TO DO :: Among the records below, find the line with "Establishment of local" and the line with "lokalisiert sind. Man". Set down both and every line between, exactly and with no pictures, but nothing else.

MATERIAL FOR THIS EXERCISE ::
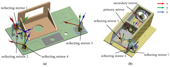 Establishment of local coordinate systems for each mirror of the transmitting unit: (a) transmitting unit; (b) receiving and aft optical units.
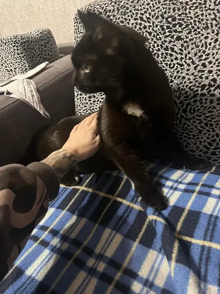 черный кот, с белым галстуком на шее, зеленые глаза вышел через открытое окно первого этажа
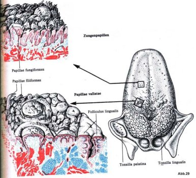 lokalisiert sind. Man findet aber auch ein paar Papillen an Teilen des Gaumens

...

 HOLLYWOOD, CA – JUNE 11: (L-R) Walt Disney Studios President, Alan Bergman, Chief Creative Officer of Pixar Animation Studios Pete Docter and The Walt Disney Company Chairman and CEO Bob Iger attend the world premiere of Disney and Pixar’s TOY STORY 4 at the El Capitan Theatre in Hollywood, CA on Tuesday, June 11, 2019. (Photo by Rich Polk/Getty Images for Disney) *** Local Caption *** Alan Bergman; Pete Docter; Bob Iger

ANSWER FOR THE TASK ::
 Establishment of local coordinate systems for each mirror of the transmitting unit: (a) transmitting unit; (b) receiving and aft optical units.
 черный кот, с белым галстуком на шее, зеленые глаза вышел через открытое окно первого этажа
 lokalisiert sind. Man findet aber auch ein paar Papillen an Teilen des Gaumens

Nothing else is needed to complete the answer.